Ter verduidelijking, netwerken van sensortechnologieën in de Smart City zijn bedoeld om processen en middelen in de stad, zoals verkeer, elektriciteit en afval, te optimaliseren. Zowel de productie van de technologie als de analyse van gegevens gebeurt door technische bedrijven zoals IBM. Vandaar dat deze bedrijven onmisbare actoren zijn in de Smart City, die intussen een miljardenmarkt is geworden.
De gesloten stad
In dergelijke publiek-private projecten worden burgers grotendeels uitgesloten van het besluitvormingsproces. Stedenbouwkundige en socioloog Richard Sennett verwijst daarom naar dit model als prescriptief en gesloten. In de prescriptieve stad worden de complexe berekeningen die nodig zijn om de stad te laten functioneren verborgen voor de burgers in afgesloten datasystemen.

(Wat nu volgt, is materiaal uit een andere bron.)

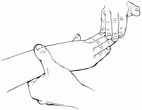 Examination of finger extension (extensor digitorum communis) strength. Ask the patient to lift (extend) his or her fingers, and then ask the patient to resist you as you attempt to push down on the extended fingers. What you might say as you test the strength: “Don’t let me push your fingers down.” |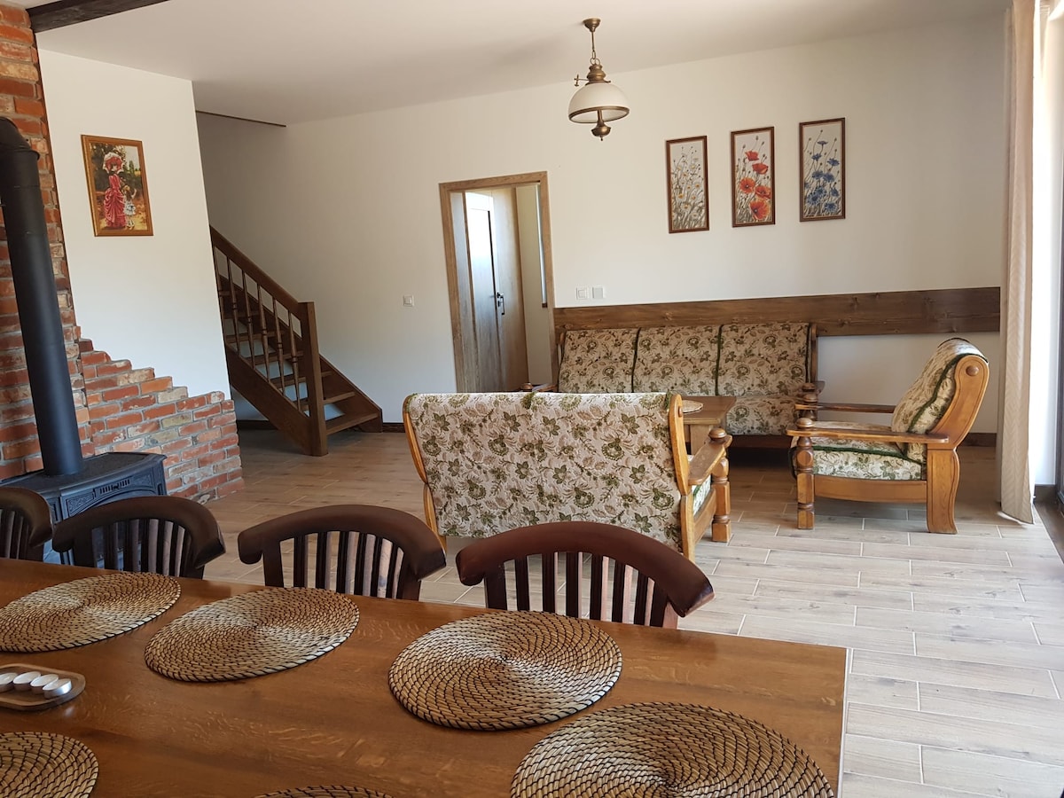 Hereczówka to wyjątkowe miejsce , gdzie wyciszysz się od zgiełku miasta. Widoki z tarasu pozwolą Ci oderwać się od rzeczywistości. Dom jest przestronny, posiada 3 sypialnie, 2 łazienki. W przestronnym salonie znajduje się duży, dębowy stół dla 10 osób, wygodne sofy i ława. Telewizja satelitarna i wifi pozwoli Ci na kontakt ze światem, jeśli tego zapragniesz:}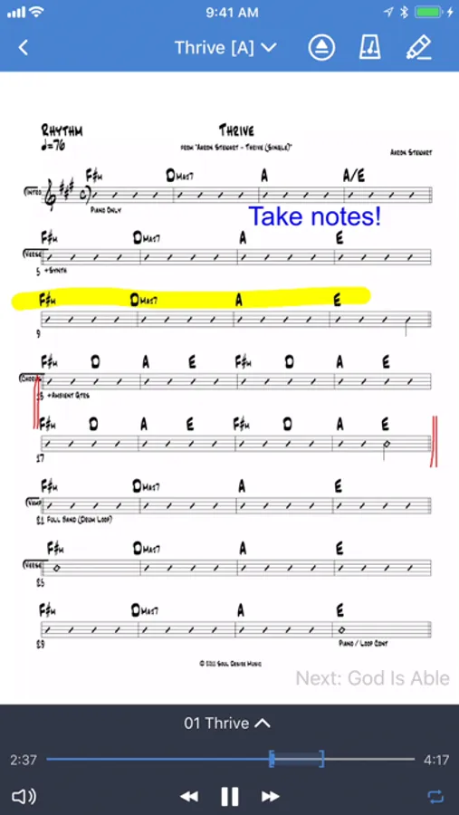 4.) Listen to audio attached to each song and loop sections of the audio.

Volgens Sennett maakt deze uitsluiting burgers dommer omdat beslissingen voor hen worden genomen, niet samen met hen (zie ook het blog van Frank Kresin). Een voorbeeld van dit model is de Smart City Songdo. In deze gecentraliseerde stad stuurt hightech meerdere aspecten van het dagelijks leven aan. Hier zijn inwoners passieve consumenten van de stad. Intussen is Songdo een spookstad geworden met weinig inwoners.
Een voorbeeld van een meer gedecentraliseerde versie van de Smart City is Amsterdam. Op het Amsterdam Smart City-platform is ruimte voor startups en kleine bedrijven. Toch is deze stadsvisie sterk op technologie en innovatie gebaseerd, en garandeert het geen inclusiviteit. Het bestaat uit kleinere publiek-private partnerschappen waarin bewoners ook makkelijk worden uitgesloten.
Kan deze uitsluiting worden vermeden? In mijn volgende blogpost zal ik inclusievere stadsmodellen verkennen.